Earlier, officials of the Finance Ministry and the IMF had discussed the outstanding issues, including timing of the fifth review and potential combining of reviews, electricity and circular debt, commodity operations, wheat procurement and confirmation from the Federal Board of Revenue on the Value-Added Tax and tax administration reform in the recently concluded fourth review in Islamabad.
Under the memoranda, officials of the Finance Ministry and IMF deliberated at length on the recent economic developments, policies for the remaining part of 2009/10 including fiscal, monetary and exchange rate policies and financial sector.
The measures of submission of VAT Act to Parliament and consistent provincial VAT acts to provincial assemblies will be initiated in the first phase for consideration of the board of the fourth review, according to the Supplementary Memorandum.
It also agreed that the review of the VAT law, including zero-rating and exemptions is expected to be completed by the finance and revenue committees of parliament by the end of the current month.
The ceiling on the consolidated overall budget deficit, excluding grants will be adjusted downwards by up to Rs58.97 billion (equivalent to $0.71 billion valued at Rs83 per $1) for the shortfall in Tokyo-related disbursements, excluding multilateral sources in rupee terms in excess of Rs117.94 billion, it said.
The quasi-fiscal problems with the commodity operations and the stock of outstanding wheat commodity credits will be reduced by at least Rs95 billion between January 31 and April 1, the start of the 2010 procurement season, to avoid crowding out the private sector, said the document.
However, losses for government procurement agencies will be covered from the budget and would not be left to accumulate on the agencies’ books.
“For the 2010 procurement season, we will remain within our announced procurement target of 6.5 million tons,” it added.
About the fiscal policy, it said that the macroeconomic backdrop for the programme remains largely unchanged.

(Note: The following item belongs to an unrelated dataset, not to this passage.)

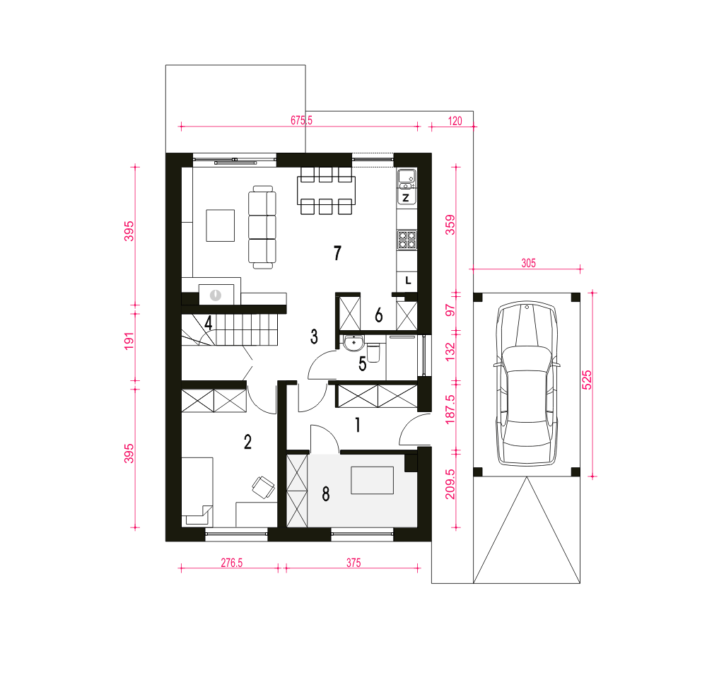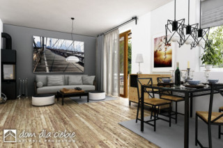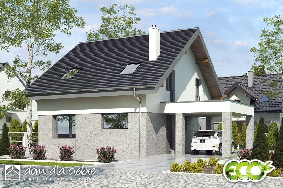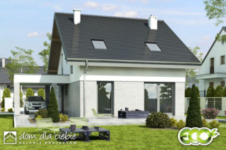 Agat to jednorodzinny dom wpisujący się idealnie w ofertę budynków tanich i ekonomicznych w budowie i w eksploatacji, co udaje się osiągnąć poprzez optymalnie zaprojektowaną funkcję i zwartą bryłę. Agat to dom nieduży, nowoczesny i wygodny z przybudowaną wiatą dla 4-5 osobowej rodziny. Strefa wejściowa do budynku przewiduje duży wiatrołap wyposażony w solidne szafy wnękowe z dostępem do pomieszczenia technicznego z piecem na paliwo stałe. Na parterze zaprojektowano jasny, praktyczny salon połączony z kuchnią , dodatkowy pokój, łazienkę oraz spiżarnię i garderobę wygospodarowaną w przestrzeni pod schodami. Na piętrze zaplanowano 3 sypialnie, garderobę oraz łazienkę.fundamenty: BETONOWE ściany zewnętrzne: POROTHERM+STYROPIAN TERMO ORGANIKA rodzaj stropu: TERIVA I elewacje: TYNK STRUKTURALNY pokrycie dachu: DACHÓWKA CEM. lub CER.

Fiscal risks are a threat to macroeconomic stability, but the fiscal deficit target for 2009/10 will be adjusted to 5.1 per cent of the GDP.
Regarding revenue, it said, tax collection is being monitored and will be reviewed at the end of the third quarter for additional measures, if needed. For the expenditure measures, the Supplementary Memorandum hoped that the government has adequate provision for security and IDP outlays and, if needed, it will meet any additional fiscal shocks through additional restraint of non-priority development spending.
About the unmanageable issue of electricity subsidies, the document revealed that the government is making progress towards eliminating electricity tariff differential subsidies by August. It is also taking steps to clear the remaining stock of circular debt in the electricity sector, it added.